### ACTION ITEM
Leave out every picture and set down, exactly, the lines below from the one holding "En komfortabel og" up to and including the one holding "在△ABC中,∠A=400 ,当∠C=____时,△ABC为等腰三角形.".

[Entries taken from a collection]
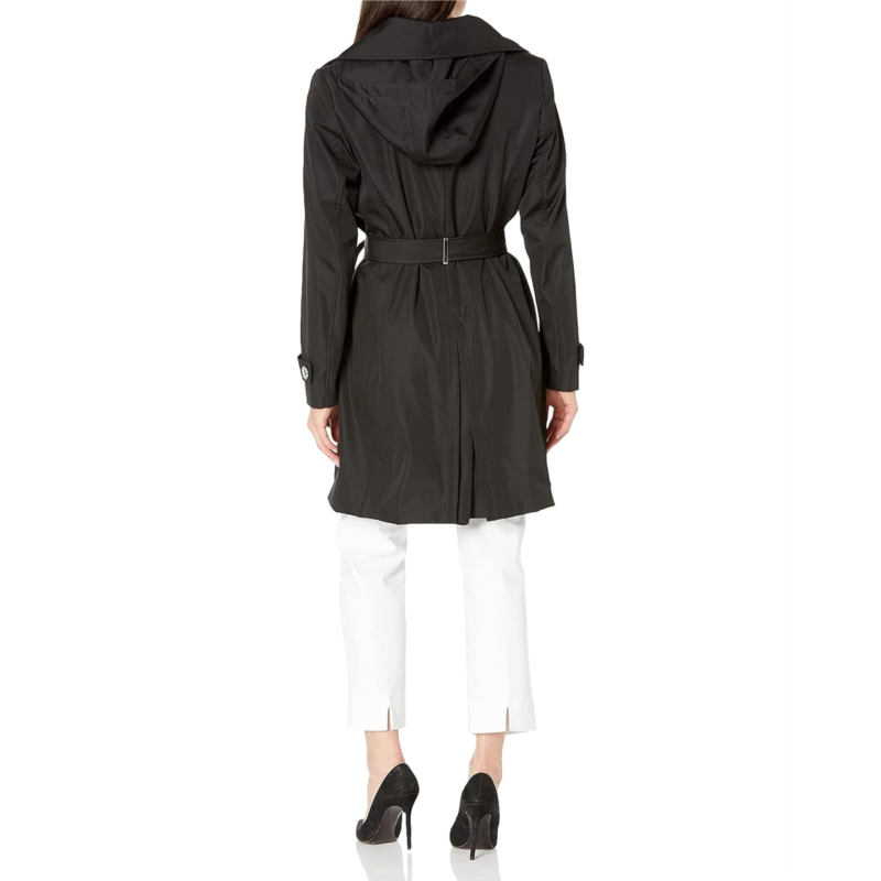 [US] Womens Calvin Klein Single Breasted Belted Rain Jacket with Removable Hood
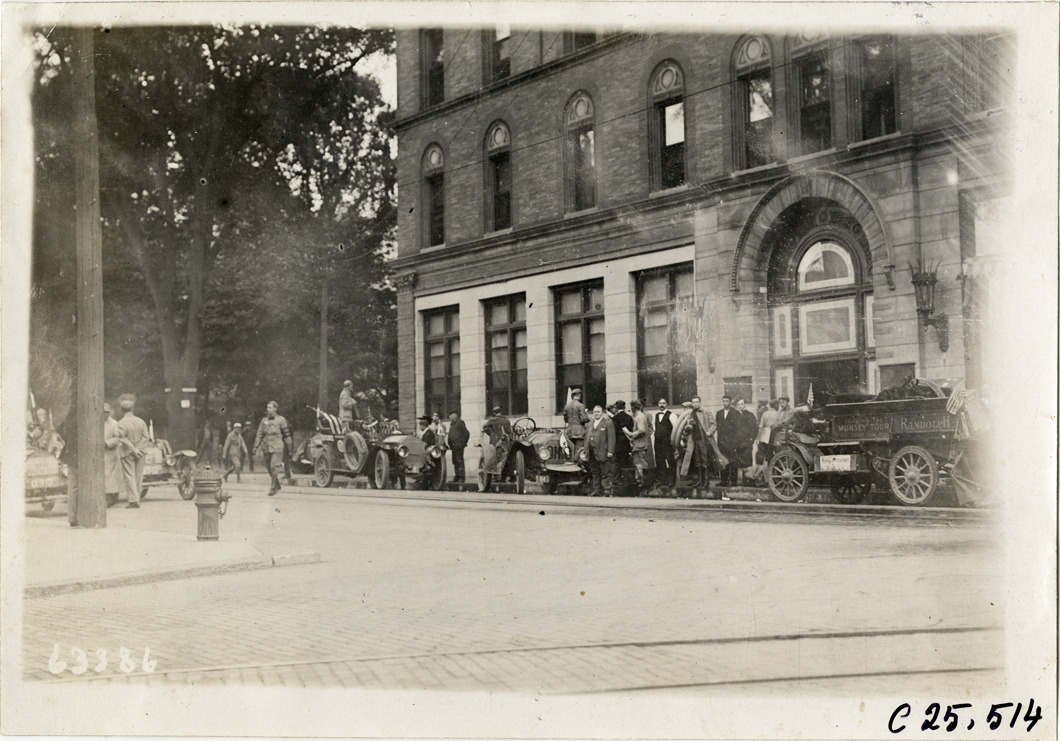 View of motorists with cars and Randolph truck lined up on sidewalk during the 1910 Munsey Historic Tour. Brick and stone building in background. Organized by the Munsey newspapers, the endurance contest covered a route through ten states. Stamped on back: "Spooner & Wells, Inc., photographers, telephones 3472-3473 Columbus, 1931 Broadway, New York." Handwritten on back: "Tours--Munsey Historic Tour, 1910."
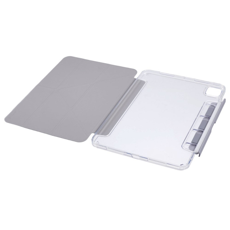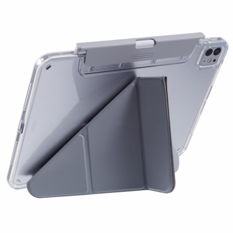 Descubra a nossa capa topo de gama para iPad Pro 11 (2025) / 11 (2024). Fabricada em pele PU de alta qualidade com uma parte traseira transparente, oferece uma proteção robusta enquanto exibe o seu tablet da melhor forma. Desfrute de funcionalidades práticas, como o suporte para origami, o suporte para caneta retrátil e a função de suspensão automática.
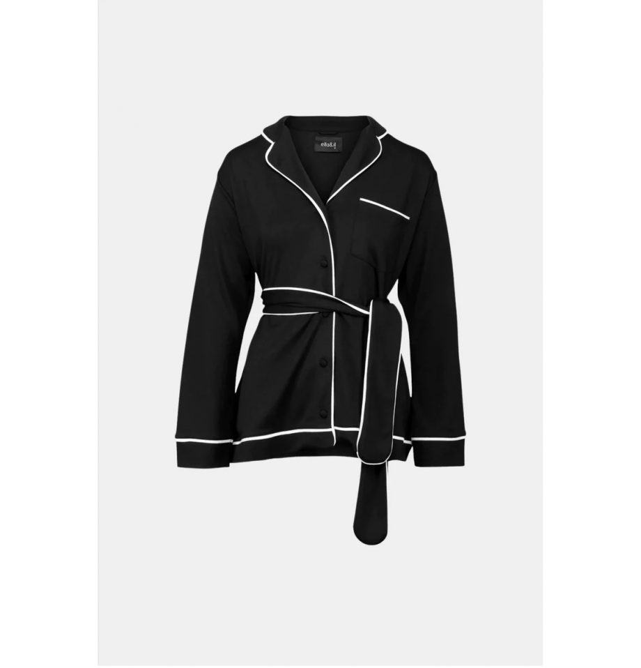 En komfortabel og elegant pysjamas med lekre detaljer, laget i de mykeste materialene. Buksene er rette og overdelen har en løs passform med knytebelte i midjen. Modellen er 178 cm og har på seg en størrelse S.
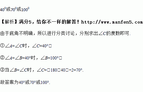 在△ABC中,∠A=400 ,当∠C=____时,△ABC为等腰三角形.
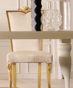 Стул, мягкие сидение и спинка, декорирован резными элементами. Наполнение — полиуретан. Возможны другие варианты отделки и обивки.
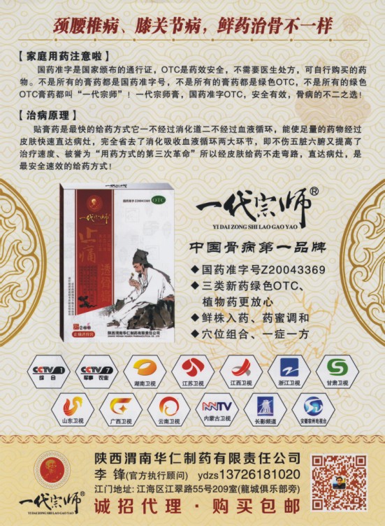 一代宗师安全有效,打造中国鲜药治骨第一品牌
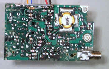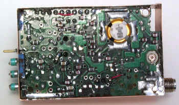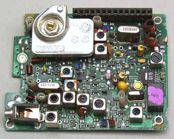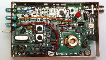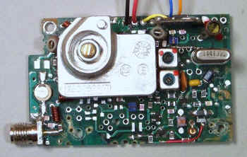 The receiver and unnecessary components were removed to reduce the size, weight and turn the transceiver into a single channel transmitter. Extensive circuit modifications were also made to improve the transmitter efficiency. The heat sink is present in this photo, but the transmitter will be used without it to reduce weight. Transmitter duty cycle is very low with APRS and the output transistor temperature did not increase without a heat sink, at least not enough to be easily detected. |
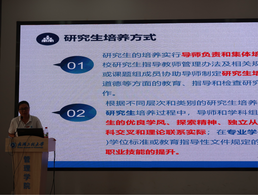 开学典礼后,公司副经理熊婵开展新生入学教育,围绕研究生课程设置、论文要求及硕士研究生奖助政策进行详细解读,为新生明晰学业规划与发展路径,助力其更快适应研究生阶段的学习与科研生活。
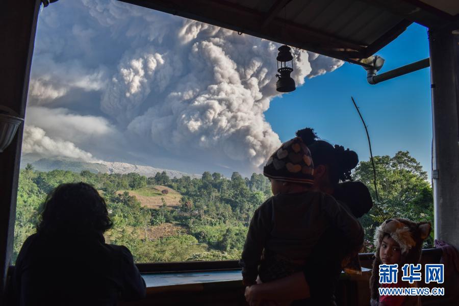 3月2日,人們在印度尼西亞北蘇門答臘省卡羅觀看噴發(fā)的錫納朋火山。新華社發(fā)(森比林?jǐn)z)
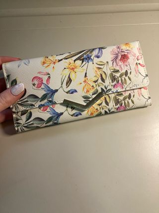 Elegante cartera con un bonito estampado floral sobre fondo blanco. Perfecta para llevar tus esenciales con estilo. - Diseño con flores multicolores. - Cierre de solapa con detalle metálico.

### PROBLEM SOLUTION
 En komfortabel og elegant pysjamas med lekre detaljer, laget i de mykeste materialene. Buksene er rette og overdelen har en løs passform med knytebelte i midjen. Modellen er 178 cm og har på seg en størrelse S.
 在△ABC中,∠A=400 ,当∠C=____时,△ABC为等腰三角形.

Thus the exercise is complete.